[ltt-dev] LTT UserSpace Tracer, broken?

jpaul at gdrs.com jpaul at gdrs.com
Mon Jun 7 15:31:31 EDT 2010


Greetings:

Thought I'd provide an update here on efforts to get the user space tracer to work. Based on this web site:

http://www.kernel.org/doc/man-pages/online/pages/man2/getcpu.2.html

I do see that getcpu() can accept up to three arguments (this detail is somewhat hidden when using syscall), depending on the kernel version. Per my modified code below, I've tried both of the following:

  int r = syscall(SYS_getcpu,&cpu,NULL);

or

  int r = syscall(SYS_getcpu,&cpu,NULL,NULL);

Either of the above calls still result in a segmentation fault. As an FYI: I'm working with a 2.6.18 RedHat base kernel that has glibc 2.5-49 installed. Also installed on this same machine is a couple of 2.6.33 kernels (RT and non-RT), of which I have also tried. There is no glibc update from RedHat that goes beyond what I have listed (per a recent note from tech support). I have put in a request for an update that would specifically include sched_getcpu() ... I don't expect an update anytime soon.

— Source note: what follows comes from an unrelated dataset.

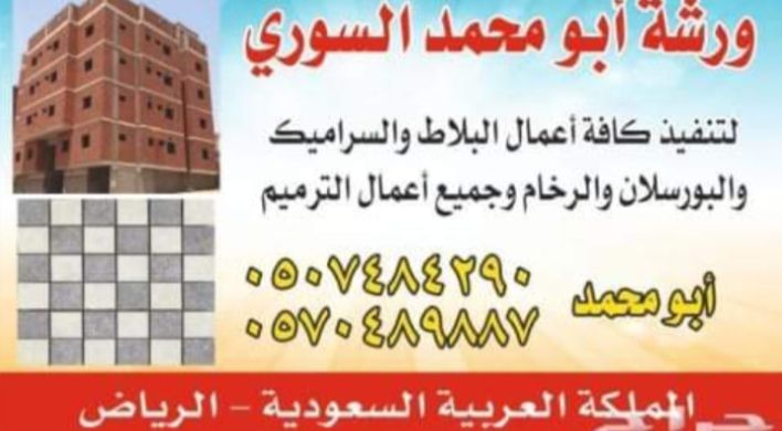مقاول ومعلم مبلاط وسيراميك الرخام بر وسلان نوافير شلالات جبسون بورد لياسة تنفيذ جميع أعمال الترميم والصيانة في الرياض
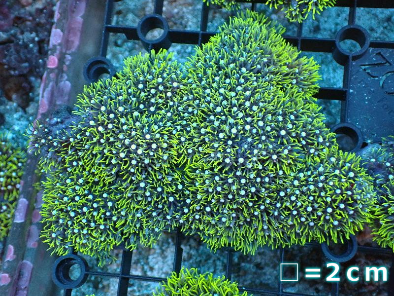 【サンゴまとめ買い割引き10%〜20%OFF対象商品】【サンゴ】【通販】スターポリプ(メタリックグリーン)Mサイズ(個体販売)(生体)(サンゴ)

I spent a good part of a day trying to manually update glibc to v2.11. No luck .. my attempts usually resulting in having to restore /usr/local due to corrupted systems calls. I've also tried installing glibc into a different location and building the ust library (by either changing arguments to configure or hand editing Makefiles) to just look at that new location ... this has not been successful either. Might still be some work that could be done to allow this type of build.

The above web site that I listed seems to indicate that getcpu was added in glibc 2.6 and appeared in kernels starting at 2.6.19 ... not really sure how we are seeing some indications of that working in the versions that I listed above.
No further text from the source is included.